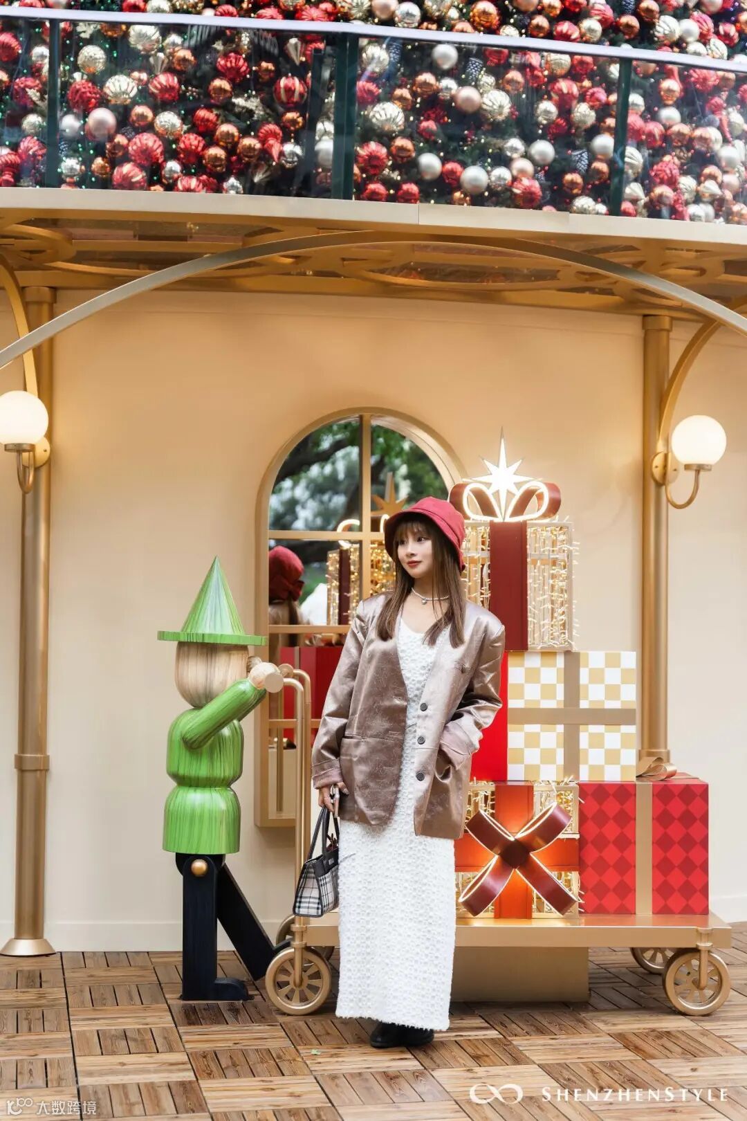 广场装置区下午4点开放入内,圣诞礼盒、麋鹿...可以进去跟各种可爱装置拍照打卡。
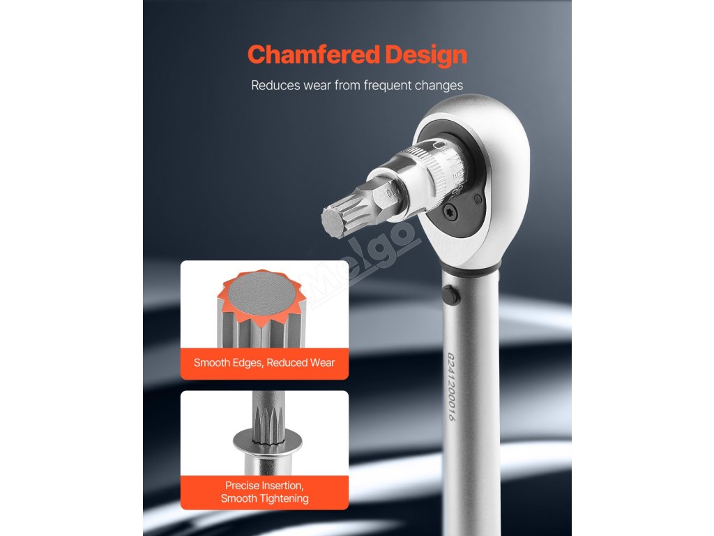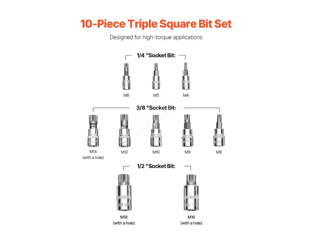 Sada trojitých čtyřhranných bitů je vyrobena z vysoce pevné legované oceli a je navržena tak, aby se při použití nelámala, což snižuje riziko nehod při opravách. Povrchová úprava bitů, vytvořená tak, aby odolávala korozi, zajišťuje pevný úchop a zabraňuje prokluzování při použití vysokého točivého momentu.
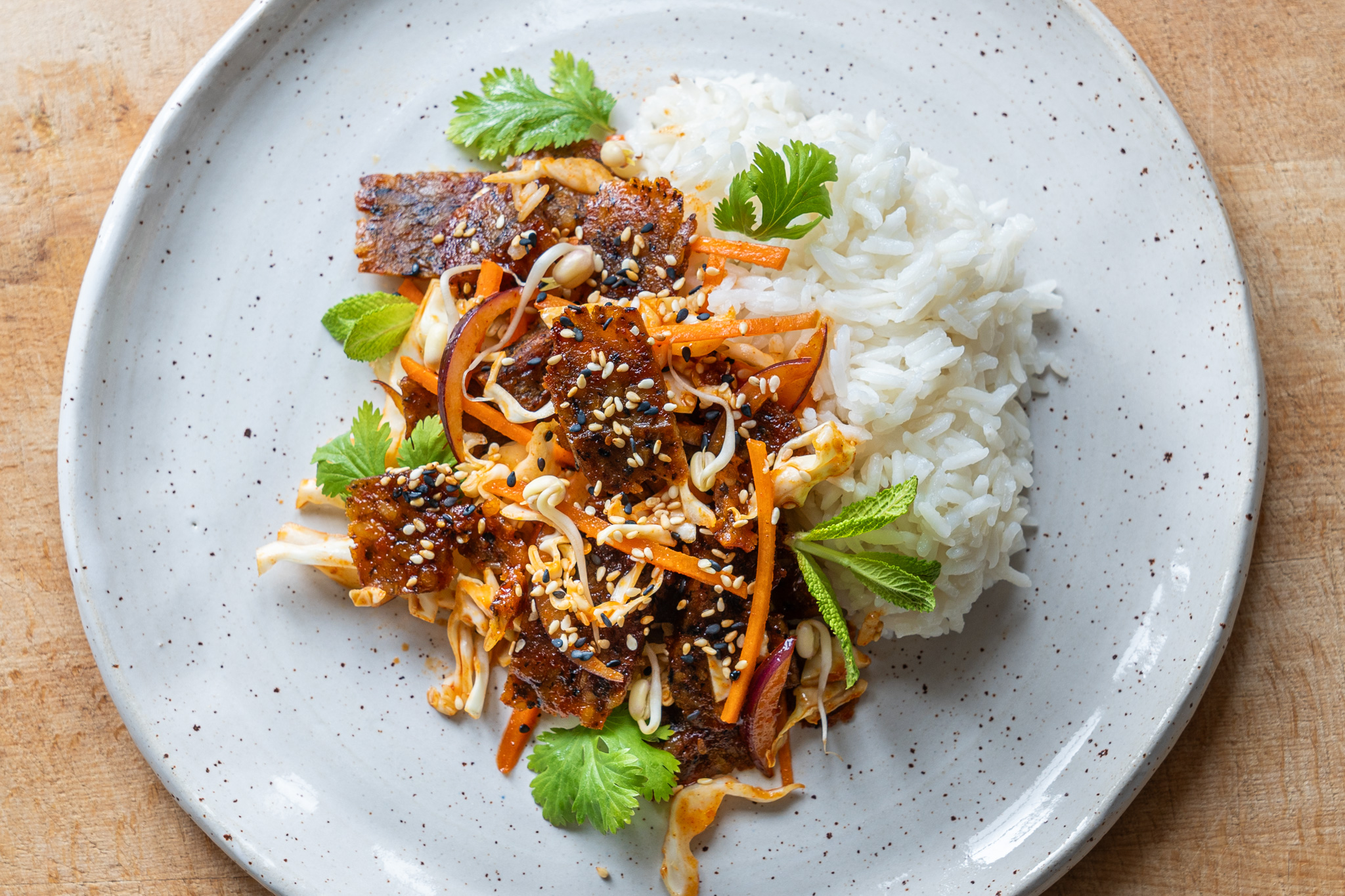 Servera med rostade sesamfrön, kokt ris och koriander.

· · ·

**Problem description**
The whole listing above is to be printed exactly; the pictures stay out.

**Reply**
 广场装置区下午4点开放入内,圣诞礼盒、麋鹿...可以进去跟各种可爱装置拍照打卡。
 Sada trojitých čtyřhranných bitů je vyrobena z vysoce pevné legované oceli a je navržena tak, aby se při použití nelámala, což snižuje riziko nehod při opravách. Povrchová úprava bitů, vytvořená tak, aby odolávala korozi, zajišťuje pevný úchop a zabraňuje prokluzování při použití vysokého točivého momentu.
 Servera med rostade sesamfrön, kokt ris och koriander.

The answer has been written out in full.